[Information]
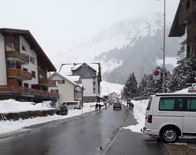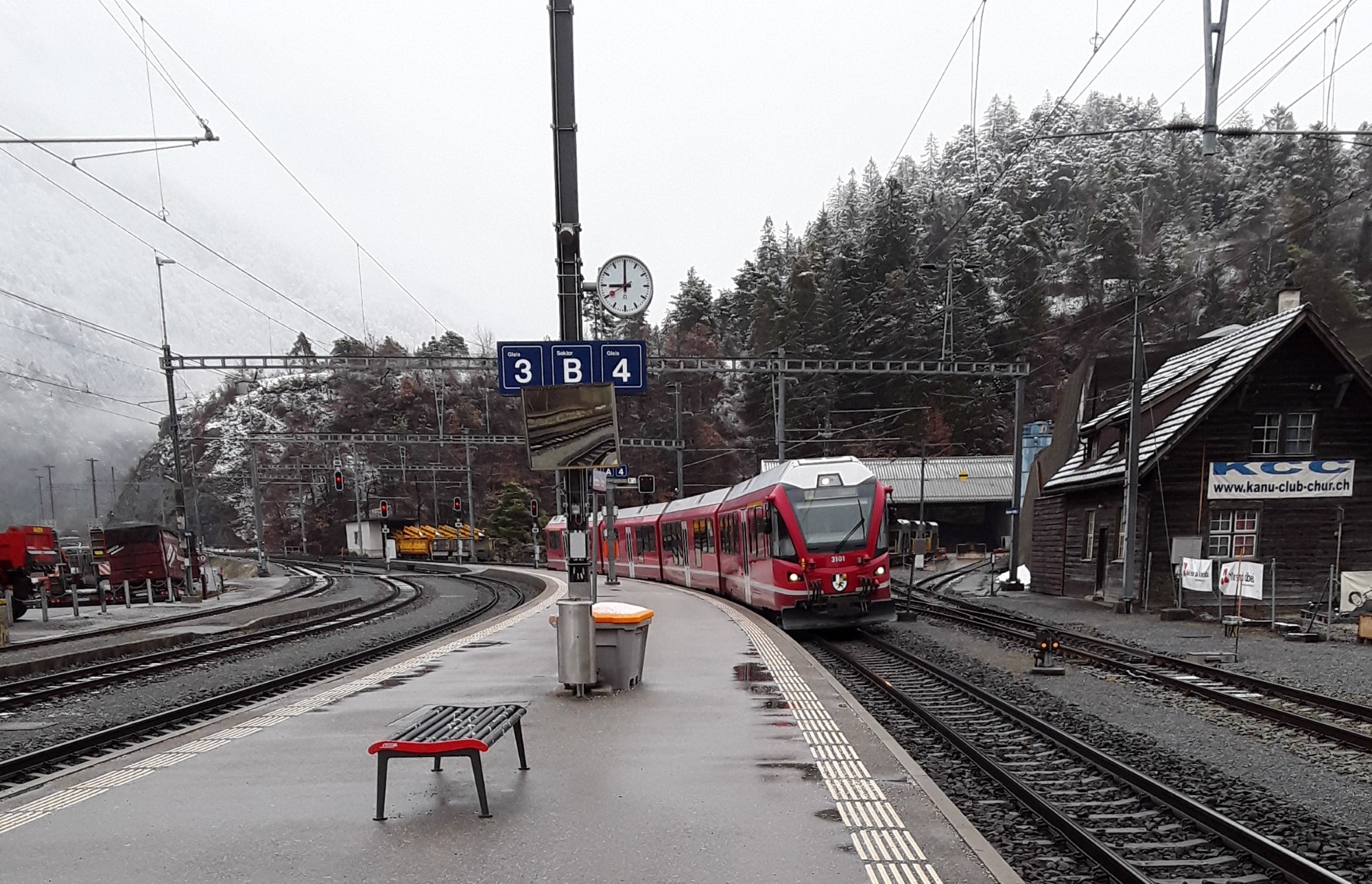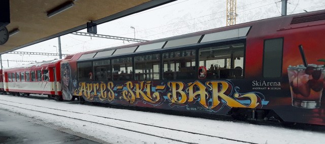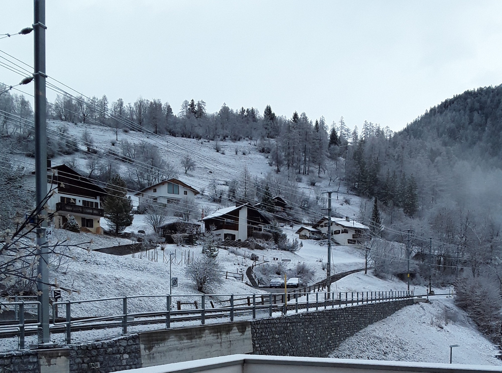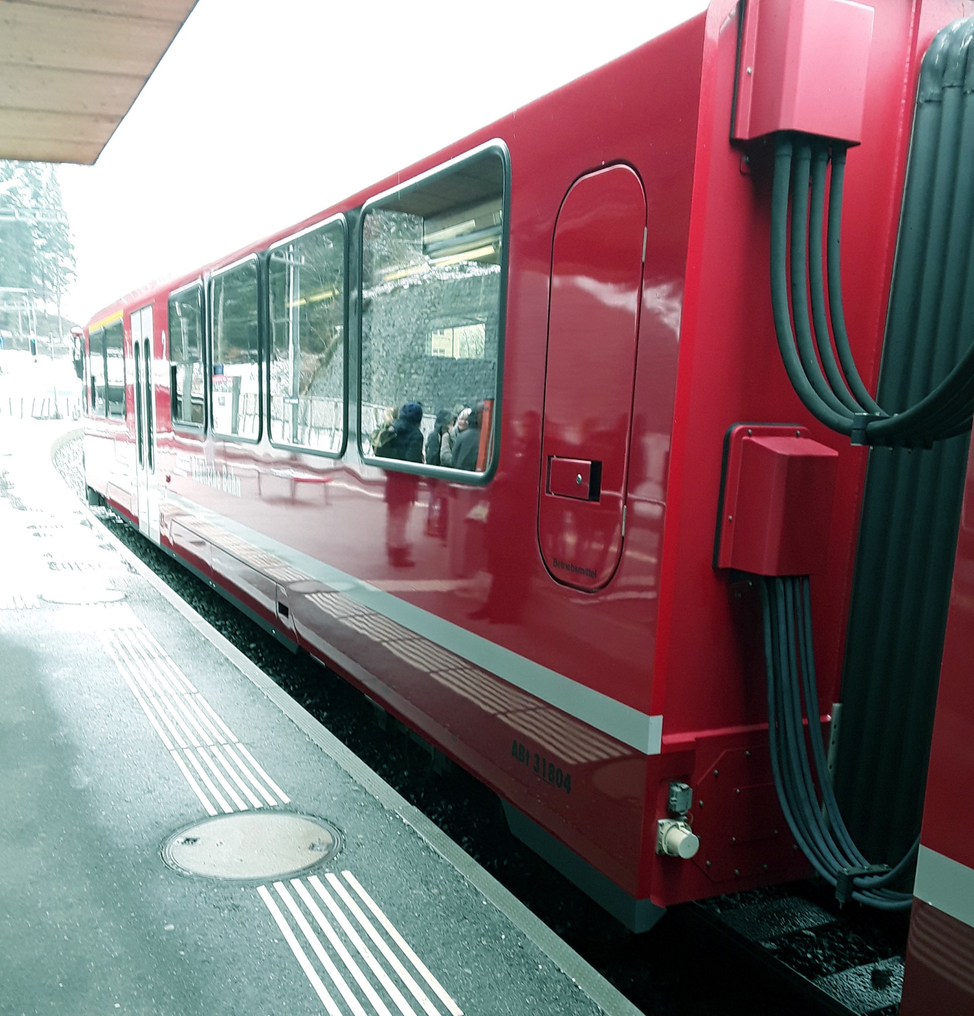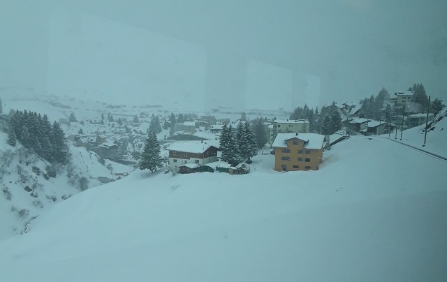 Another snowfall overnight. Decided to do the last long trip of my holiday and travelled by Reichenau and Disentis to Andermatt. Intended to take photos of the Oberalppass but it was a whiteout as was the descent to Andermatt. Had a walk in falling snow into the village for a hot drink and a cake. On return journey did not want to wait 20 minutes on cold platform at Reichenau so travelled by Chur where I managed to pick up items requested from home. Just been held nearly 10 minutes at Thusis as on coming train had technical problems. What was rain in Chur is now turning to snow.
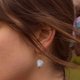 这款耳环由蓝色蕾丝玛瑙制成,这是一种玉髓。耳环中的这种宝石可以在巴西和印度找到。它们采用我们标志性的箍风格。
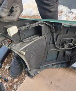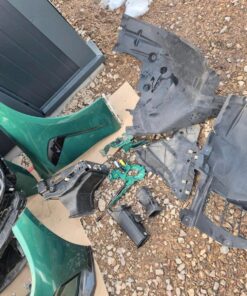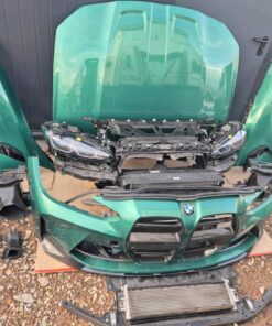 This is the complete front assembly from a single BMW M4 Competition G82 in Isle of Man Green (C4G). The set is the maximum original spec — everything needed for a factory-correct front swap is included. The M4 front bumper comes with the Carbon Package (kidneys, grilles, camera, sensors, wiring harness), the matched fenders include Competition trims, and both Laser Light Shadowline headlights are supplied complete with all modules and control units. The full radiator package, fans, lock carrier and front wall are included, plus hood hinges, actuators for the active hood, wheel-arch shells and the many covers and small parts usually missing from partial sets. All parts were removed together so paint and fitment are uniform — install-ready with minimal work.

---

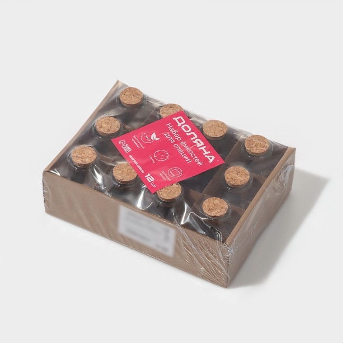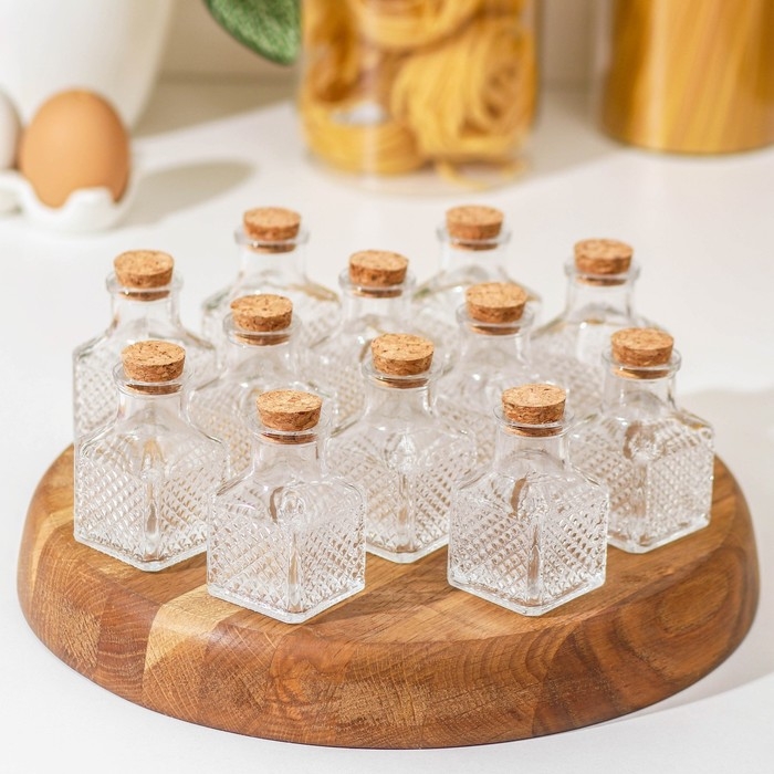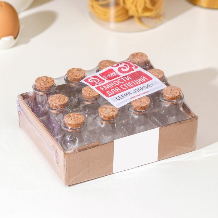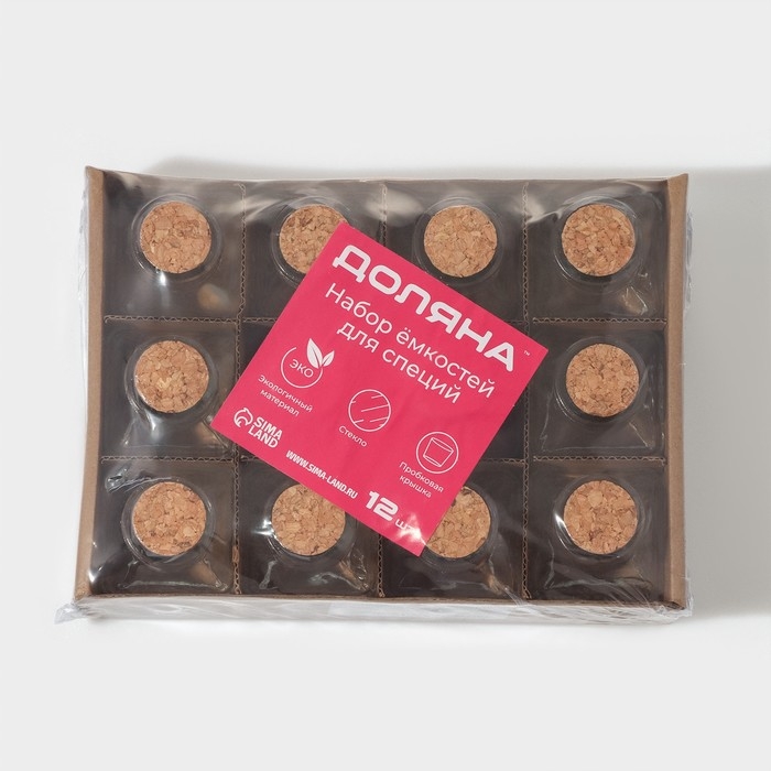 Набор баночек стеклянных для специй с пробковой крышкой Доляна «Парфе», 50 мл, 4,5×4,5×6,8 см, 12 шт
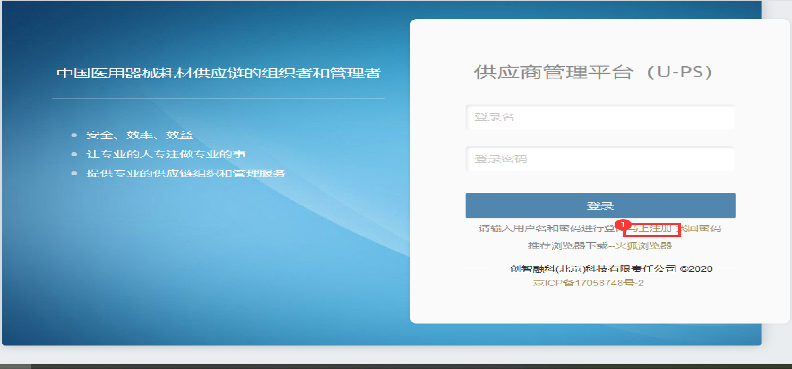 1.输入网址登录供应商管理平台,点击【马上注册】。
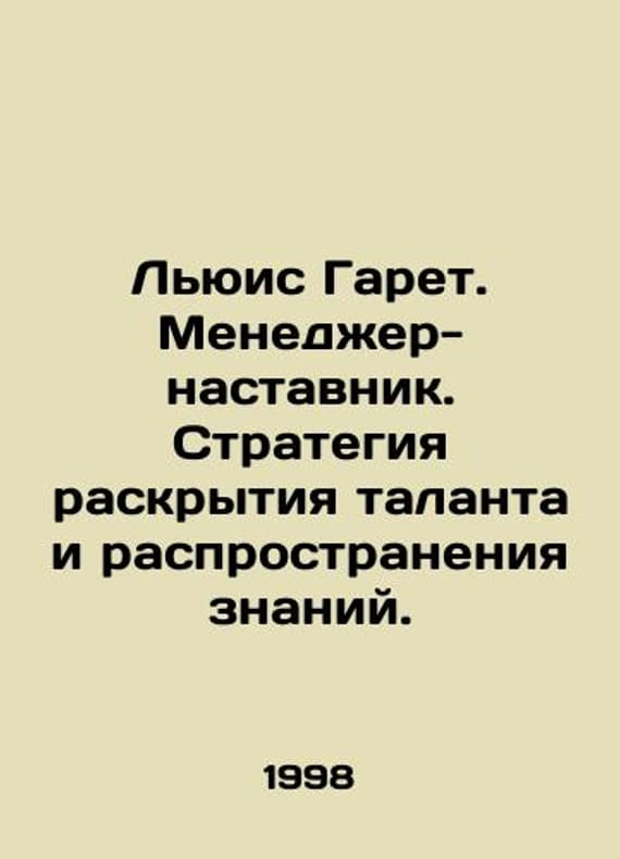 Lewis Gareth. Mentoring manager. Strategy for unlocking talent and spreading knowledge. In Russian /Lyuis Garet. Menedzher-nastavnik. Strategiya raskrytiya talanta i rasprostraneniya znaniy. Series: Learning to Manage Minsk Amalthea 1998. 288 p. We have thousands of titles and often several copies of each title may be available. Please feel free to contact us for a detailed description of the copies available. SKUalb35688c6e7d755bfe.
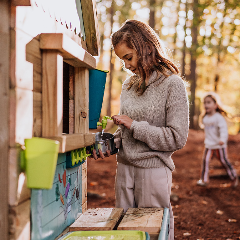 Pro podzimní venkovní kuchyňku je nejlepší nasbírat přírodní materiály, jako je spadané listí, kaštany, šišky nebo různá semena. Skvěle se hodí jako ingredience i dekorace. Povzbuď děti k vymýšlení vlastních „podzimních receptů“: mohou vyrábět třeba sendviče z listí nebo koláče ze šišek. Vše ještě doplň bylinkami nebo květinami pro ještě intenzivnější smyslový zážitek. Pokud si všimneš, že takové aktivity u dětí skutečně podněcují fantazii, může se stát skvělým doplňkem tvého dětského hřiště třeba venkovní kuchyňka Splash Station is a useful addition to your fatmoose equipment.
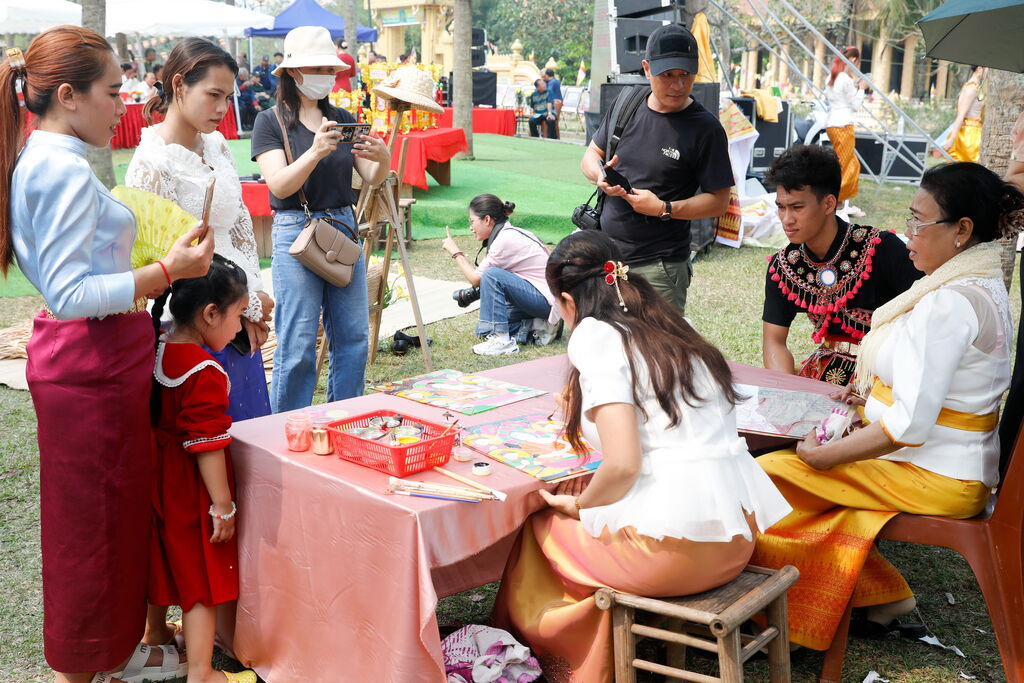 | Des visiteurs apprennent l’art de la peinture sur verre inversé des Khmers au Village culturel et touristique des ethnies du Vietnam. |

* * *

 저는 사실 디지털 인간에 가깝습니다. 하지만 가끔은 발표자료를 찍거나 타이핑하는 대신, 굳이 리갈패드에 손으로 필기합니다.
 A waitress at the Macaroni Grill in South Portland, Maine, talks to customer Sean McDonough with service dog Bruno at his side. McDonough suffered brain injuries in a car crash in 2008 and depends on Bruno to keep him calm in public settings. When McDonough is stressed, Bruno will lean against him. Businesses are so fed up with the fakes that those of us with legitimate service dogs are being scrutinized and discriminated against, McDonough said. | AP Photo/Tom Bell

[Required action]
What should come back is an exact copy of the lines above from the line with "Набор баночек стеклянных" to the line with "Lewis Gareth. Mentoring", both included, minus the pictures.

[Result of this exercise]
 Набор баночек стеклянных для специй с пробковой крышкой Доляна «Парфе», 50 мл, 4,5×4,5×6,8 см, 12 шт
 1.输入网址登录供应商管理平台,点击【马上注册】。
 Lewis Gareth. Mentoring manager. Strategy for unlocking talent and spreading knowledge. In Russian /Lyuis Garet. Menedzher-nastavnik. Strategiya raskrytiya talanta i rasprostraneniya znaniy. Series: Learning to Manage Minsk Amalthea 1998. 288 p. We have thousands of titles and often several copies of each title may be available. Please feel free to contact us for a detailed description of the copies available. SKUalb35688c6e7d755bfe.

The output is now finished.